The present disclosure is not limited to the embodiments described in detail above, and can be modified or changed in various manners within the scope as set forth in the claims of the present disclosure.
The evaluation instrument of the present disclosure can be used in evaluating a compound produced by a cell.

Claims

What is claimed is:

1. An evaluation instrument for a compound produced by a cell, comprising:

a holding space for holding a suspension containing the cell, and

a through hole that is formed at a bottom of the holding space,

wherein the through hole is closed with a substance that is impermeable to the cell and allows the compound to move therethrough.

2. The evaluation instrument according to claim 1, wherein a plurality of the holding spaces is present.

3. The evaluation instrument according to claim 2, wherein the through hole is formed independently for each of the holding spaces.

4. The evaluation instrument according to claim 2, wherein the holding spaces are connected to each other.

5. The evaluation instrument according to claim 1, wherein an introduction portion for introducing the suspension into the holding space is formed, and the holding space is connected to a flow path extending from the introduction portion.

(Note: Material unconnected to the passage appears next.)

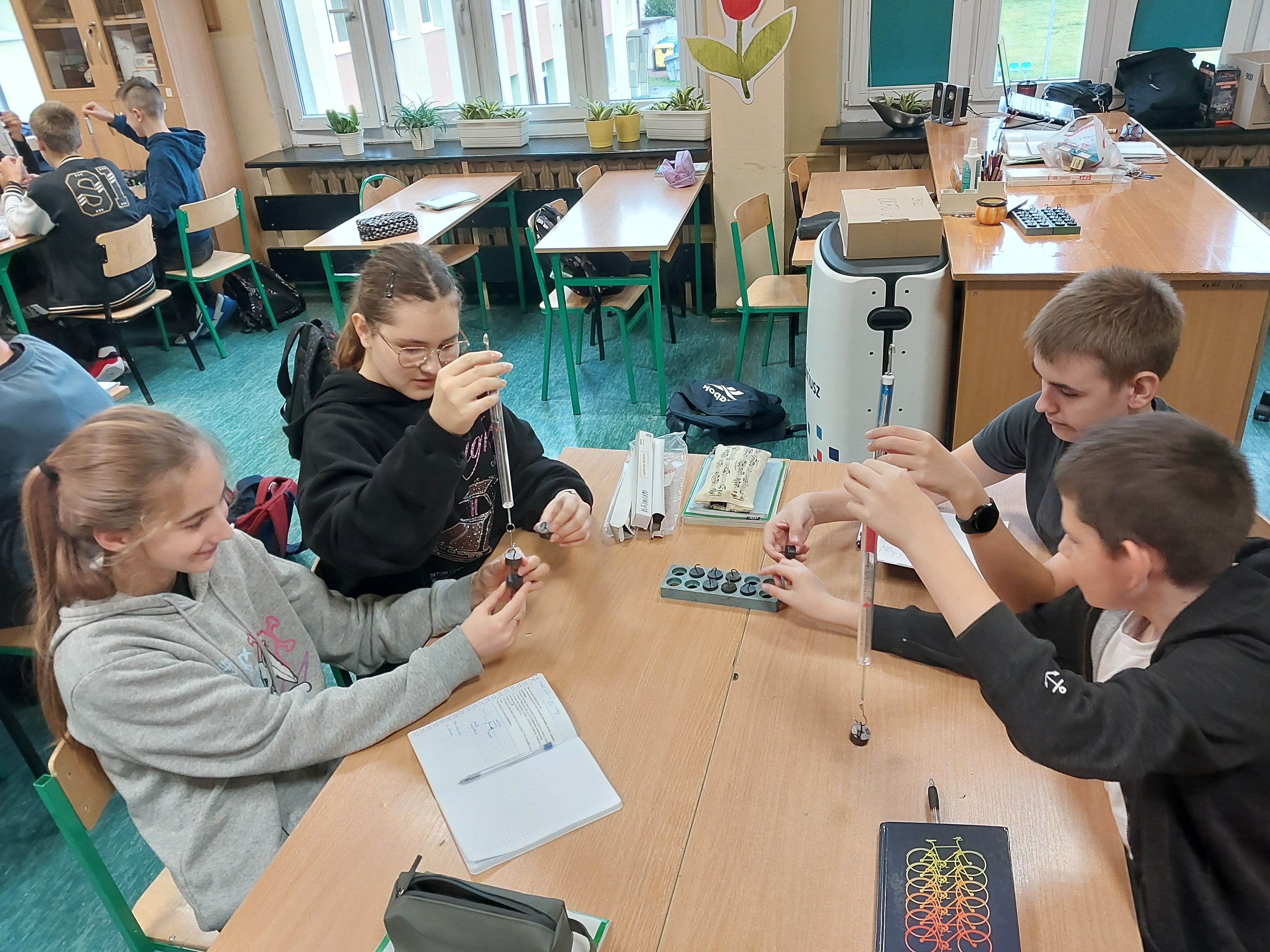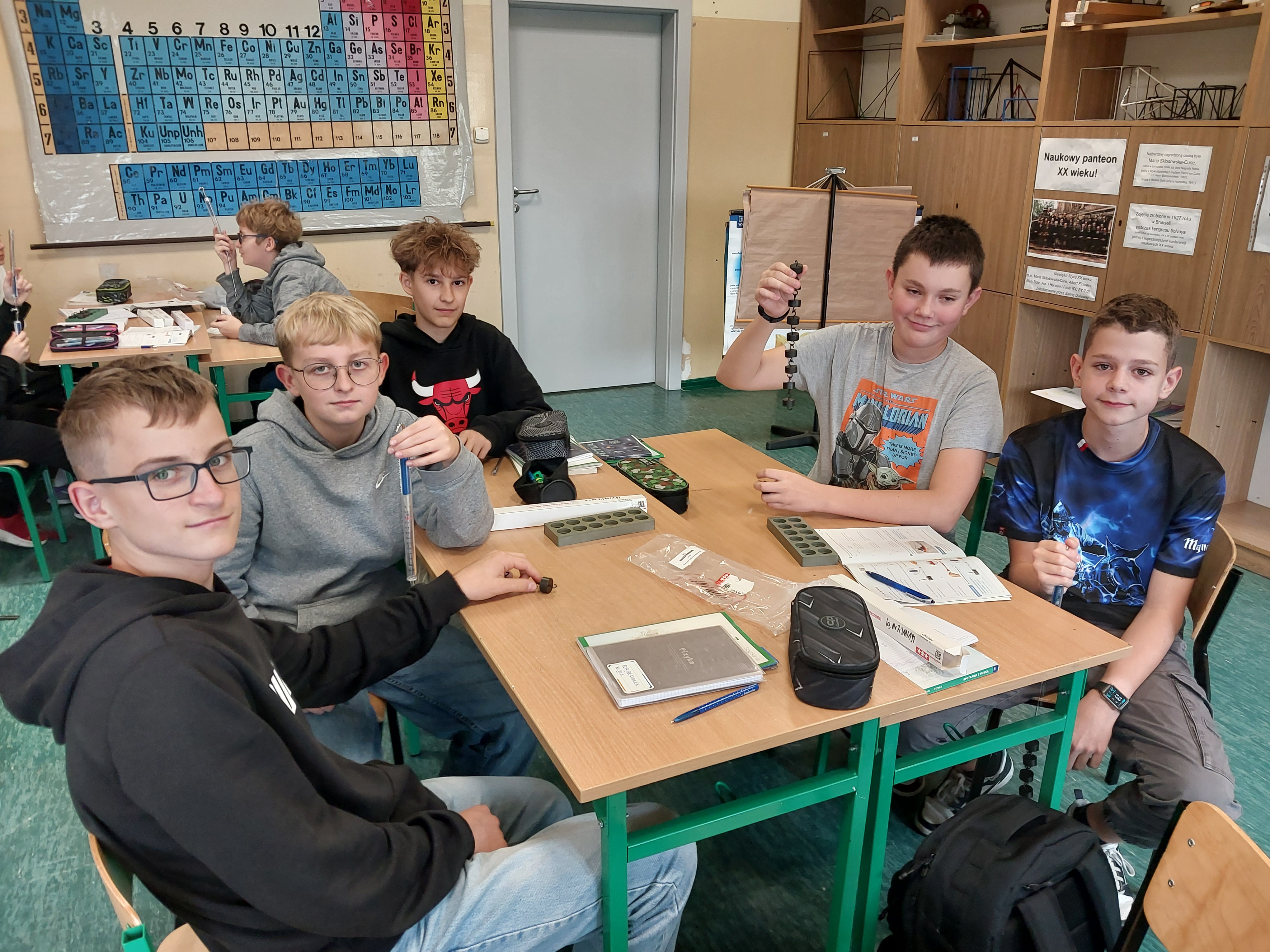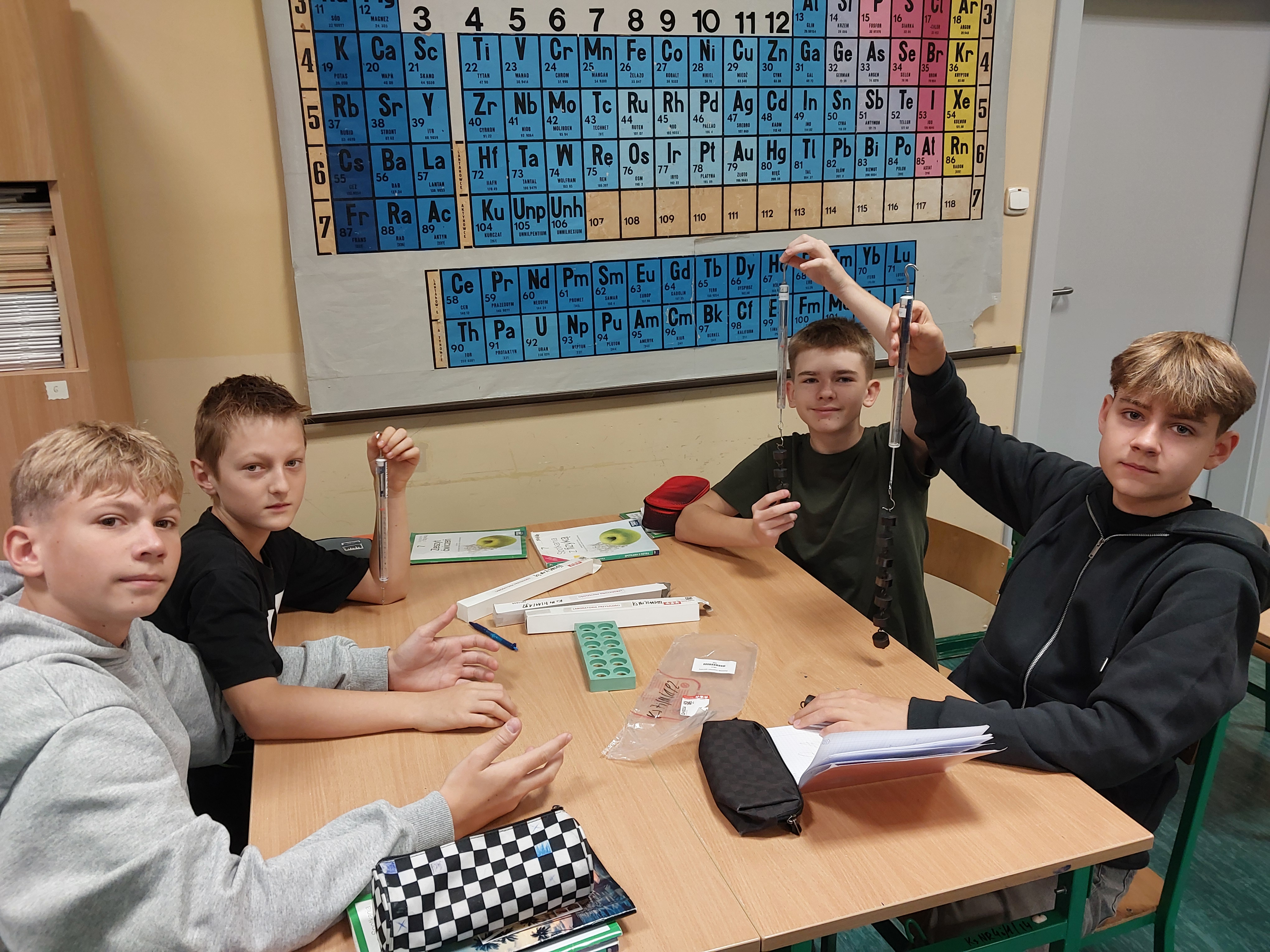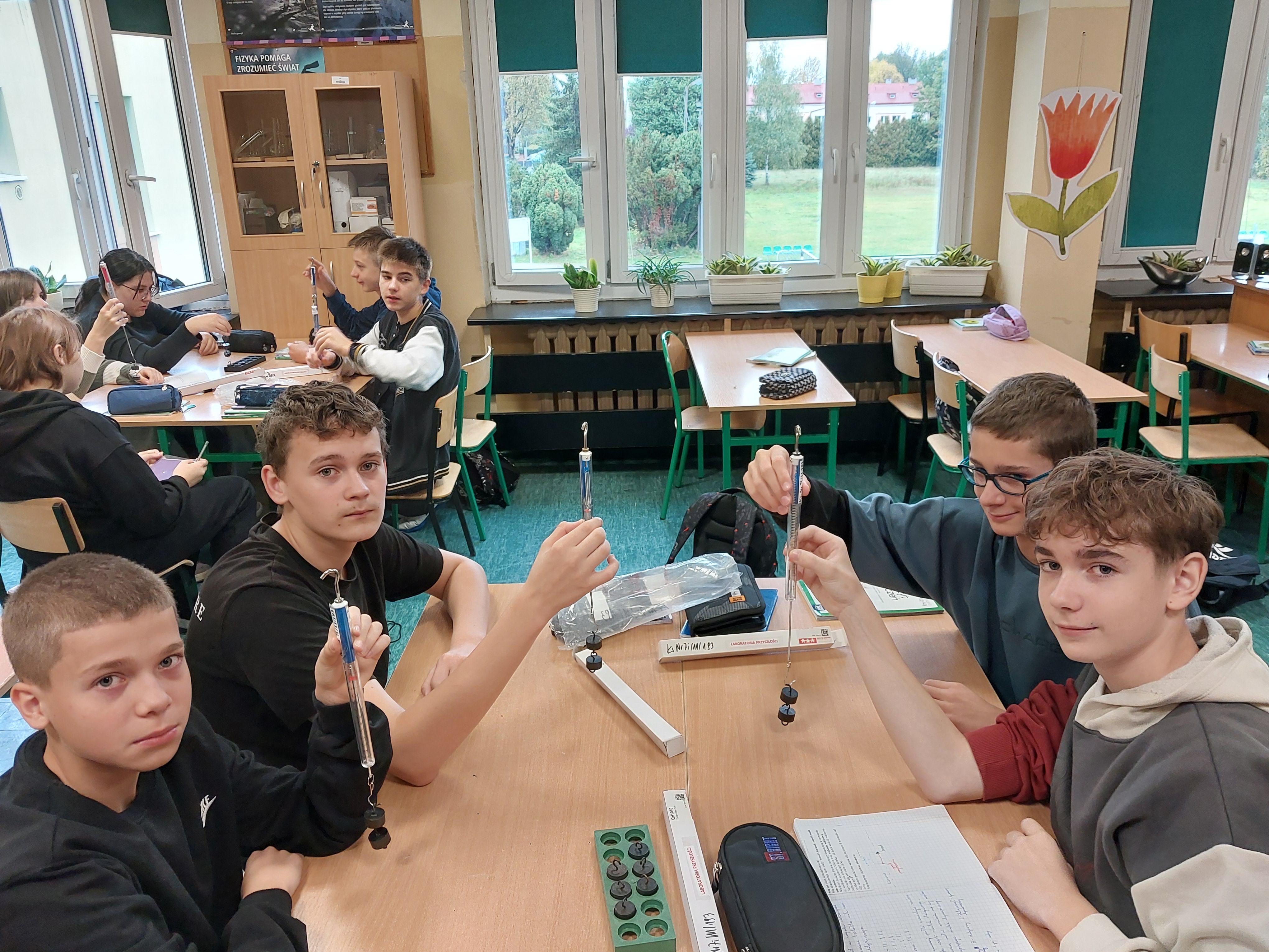 W dn. 10.10.2025 (7a,7b) i 16.10.2025 (7c) uczniowie zapoznawali się z przyrządem do pomiaru siły, czyli siłomierzem. Skorzystali podczas pomiarów z siłomierzy zakupionych w ramach programu Laboratoria Przyszłości. Na kolejnych zajęciach wykonywali samodzielnie własne siłomierze.

6. The evaluation instrument according to claim 5, wherein the flow path extends linearly, and the holding spaces are connected to either side of the flow path.

7. An evaluation method comprising:

placing the evaluation instrument according to claim 1 on a medium to bring the substance closing the through hole into contact with the medium; and

allowing the compound produced by the cell to move to the medium via the substance to evaluate the compound in the medium.

8. An evaluation method comprising:

placing the evaluation instrument according to claim 1 on a medium coated with a bacterium to bring the substance closing the through hole into contact with the medium; and

allowing the compound produced by the cell to move to the medium via the substance to observe states of a cloudy region and a transparent region formed on the medium, thereby evaluating the compound.